A multi-valued return of the calculated M, K, and P values. The calculated probability may be lower than the desired. The calculated M value will always be a fixnum.
optimum-k
- optimum-k N Mprocedure
Optimal count of hashes for the given population size N and M bits of discrimination.
optimum-m
- optimum-m K Nprocedure
Optimal count of bits of discrimination for the given population size N and K number of hashes.
p-false-positive
- p-false-positive K N Mprocedure
What is the probability of false positives for the population size N assuming K hashes and M bits of discrimination.
p-random-one-bit
- p-random-one-bit K N Mprocedure
Calculates the probablility of a random set bit for the given number of hash functions K, population size N, and bits of discrimination M.
Usage
(require-extension bloom-filter)
References
Nice exposition of Bloom Filter False Positive Probability.
Requirements
moremacros iset message-digest record-variants check-errors
setup-helper sha1 md5 sha2 test
Author
Version history
- 1.2.2
- 1.2.1
- Fix bloom-filter-p-false-positive. Add types.
- 1.2.0
- Add missing API.
- 1.1.8
- Pick up the scraps.
- 1.1.7
- Re-flow.
- 1.1.6
- One more time.
- 1.1.5
- * UNMAINTAINED *
- 1.1.4
- Added optimum-size & make-bloom-filter variant. Calculations take the ceiling.
- 1.1.3
- A little faster (10%). Better fixnum overflow detection.
- 1.1.2
- Protect desired-m from fixnum representation overflow.
- 1.1.1
- "Fix" for call of non-procedure - maybe. (Nope.)
- 1.1.0
- A little faster (25%).
- 1.0.0
- From the Chicken 3 version, with some changes. (No message-digest registry, for example.)
License
Copyright (C) 2010-2018 Kon Lovett. All rights reserved.
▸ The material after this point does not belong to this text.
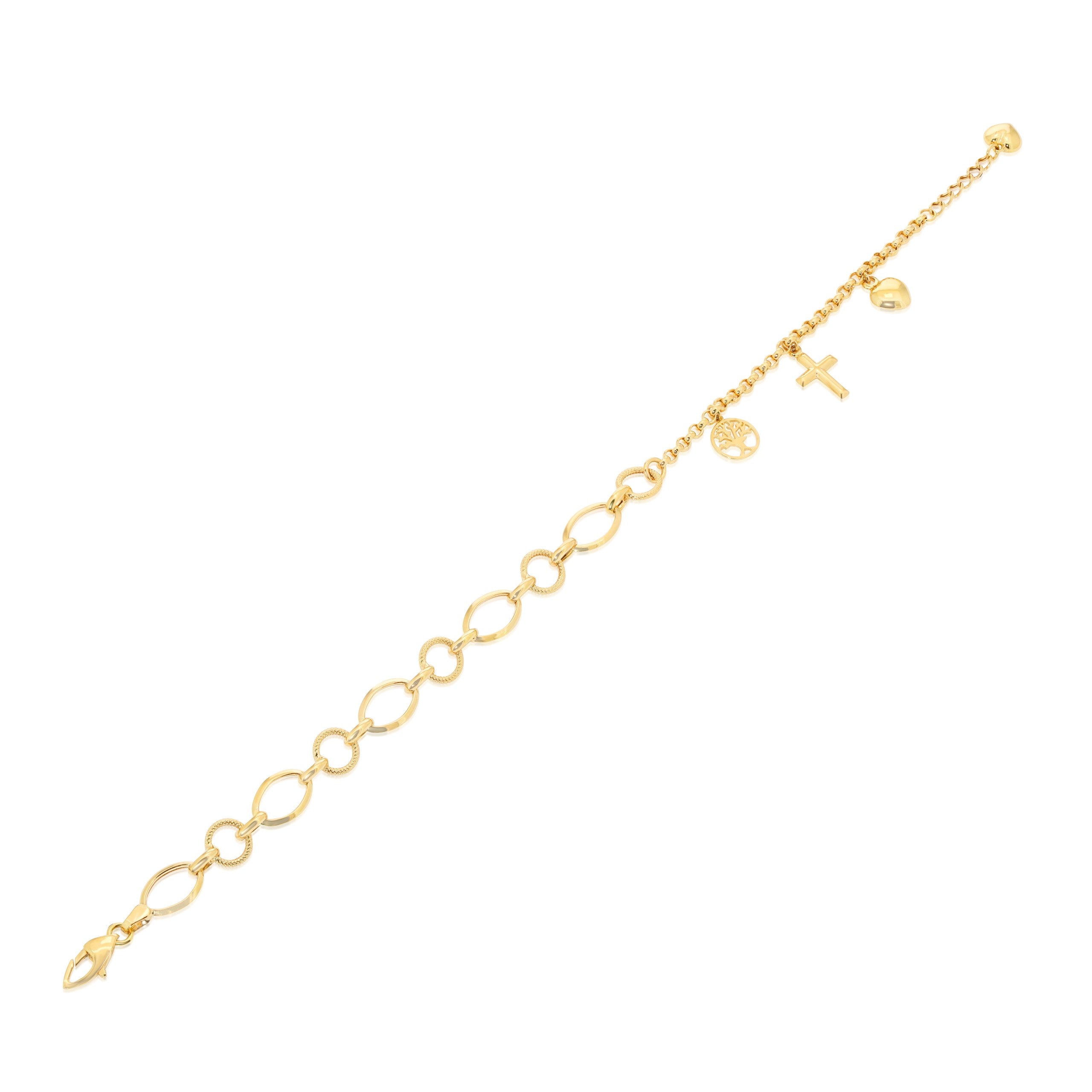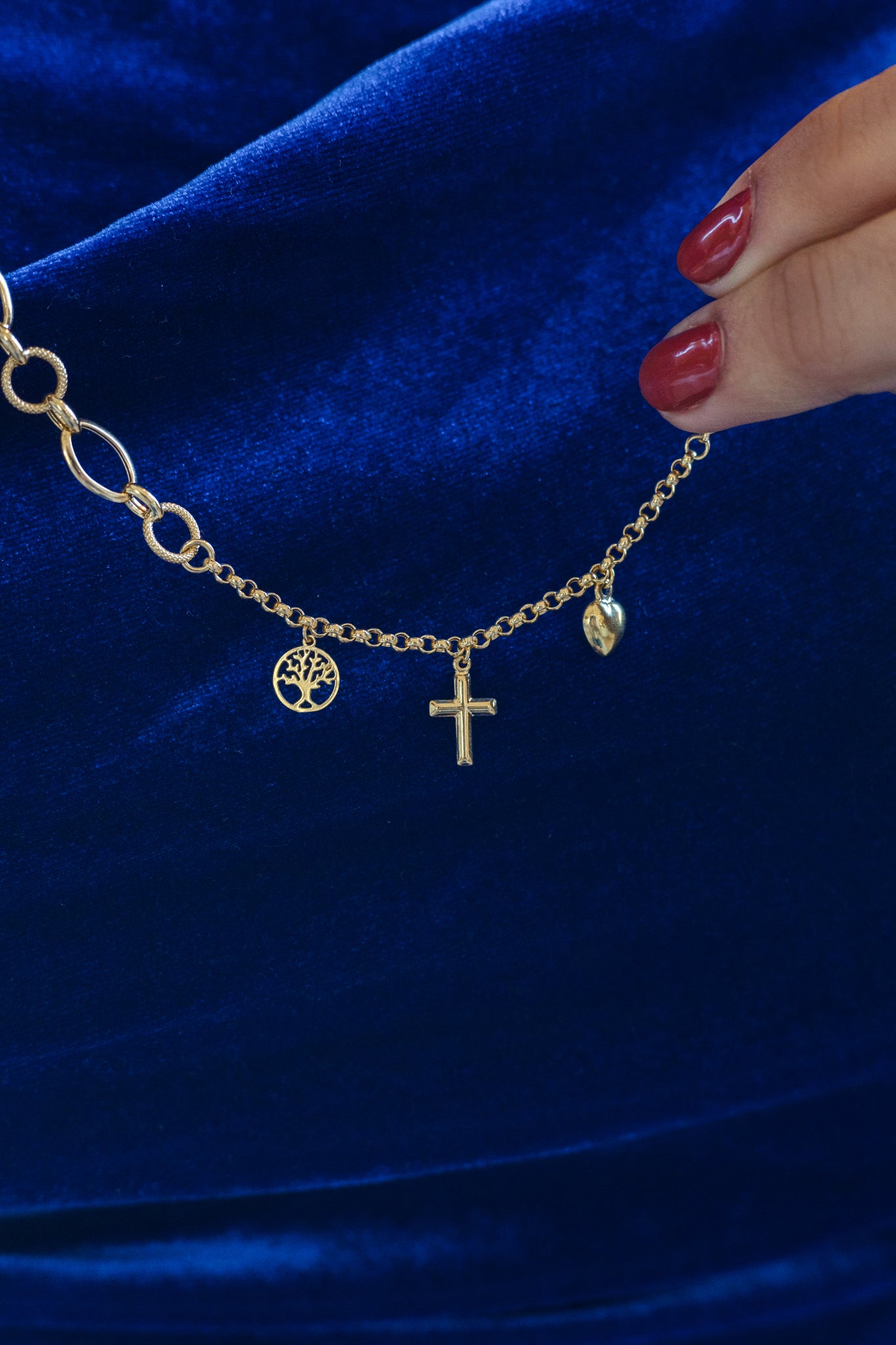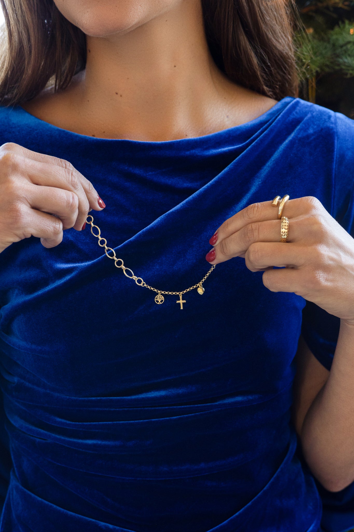 Striking, meaningful, and effortlessly chic, the Mixed-Link Charm Bracelet in 18k Yellow Gold unites bold design with heartfelt symbolism. One half shines with polished oval links alternating with matte-textured circles, while the other half transitions into a classic Portuguese chain adorned by three petite charms—a Tree of Life, a tiny cross, and a heart—celebrating growth, faith, and love in perfect harmony.
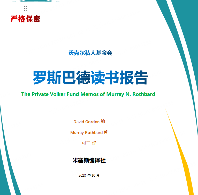 可二编译 摘自《严格保密:沃克尔基金会罗斯巴德读书备忘录》

Permission is hereby granted, free of charge, to any person obtaining a copy of this software and associated documentation files (the Software), to deal in the Software without restriction, including without limitation the rights to use, copy, modify, merge, publish, distribute, sublicense, and/or sell copies of the Software, and to permit persons to whom the Software is furnished to do so, subject to the following conditions:
The above copyright notice and this permission notice shall be included in all copies or substantial portions of the Software.
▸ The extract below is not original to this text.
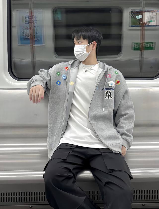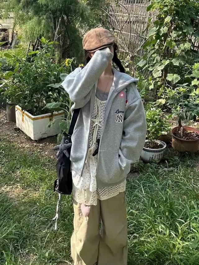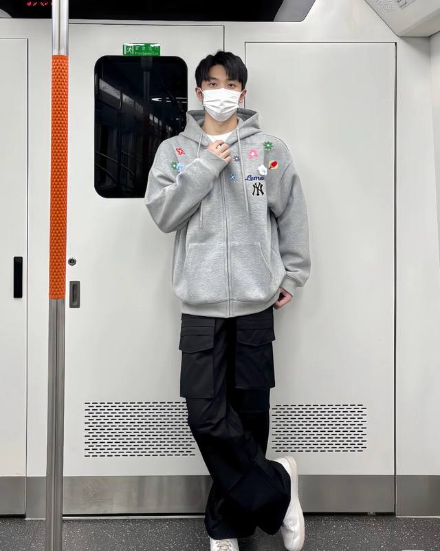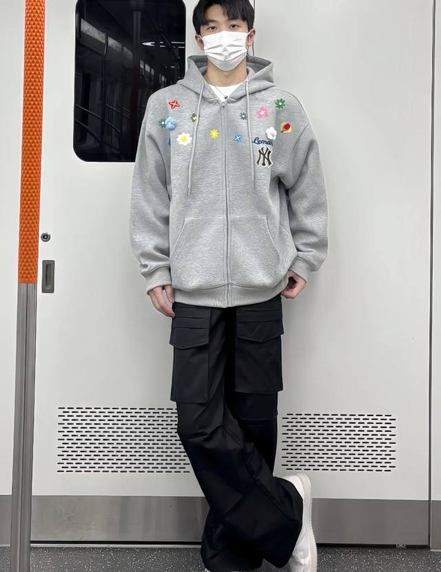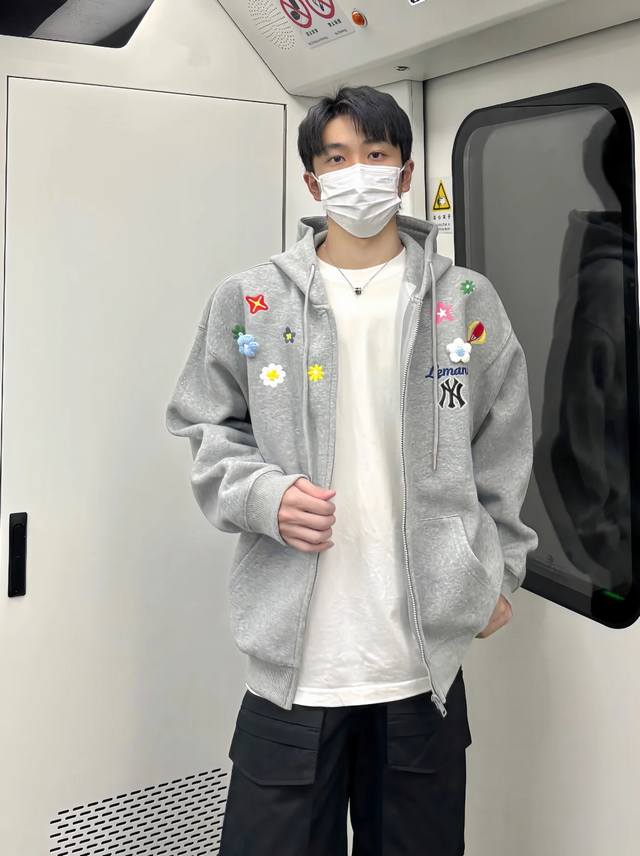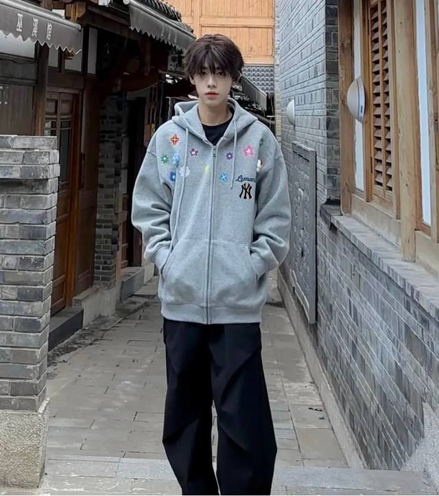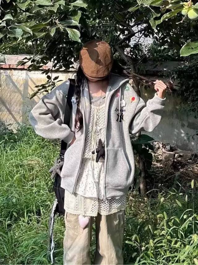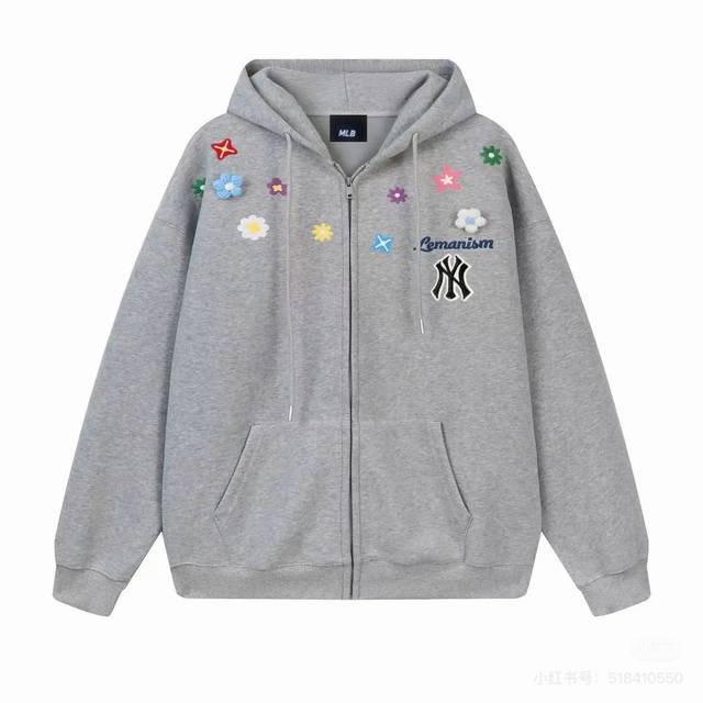 Mlb Yankees' new 320G heavyweight cartoon cardigan sweatshirt for men and women,

THE SOFTWARE IS PROVIDED ASIS, WITHOUT WARRANTY OF ANY KIND, EXPRESS OR IMPLIED, INCLUDING BUT NOT LIMITED TO THE WARRANTIES OF MERCHANTABILITY, FITNESS FOR A PARTICULAR PURPOSE AND NONINFRINGEMENT. IN NO EVENT SHALL THE AUTHORS OR COPYRIGHT HOLDERS BE LIABLE FOR ANY CLAIM, DAMAGES OR OTHER LIABILITY, WHETHER IN AN ACTION OF CONTRACT, TORT OR OTHERWISE, ARISING FROM, OUT OF OR IN CONNECTION WITH THE SOFTWARE OR THE USE OR OTHER DEALINGS IN THE SOFTWARE.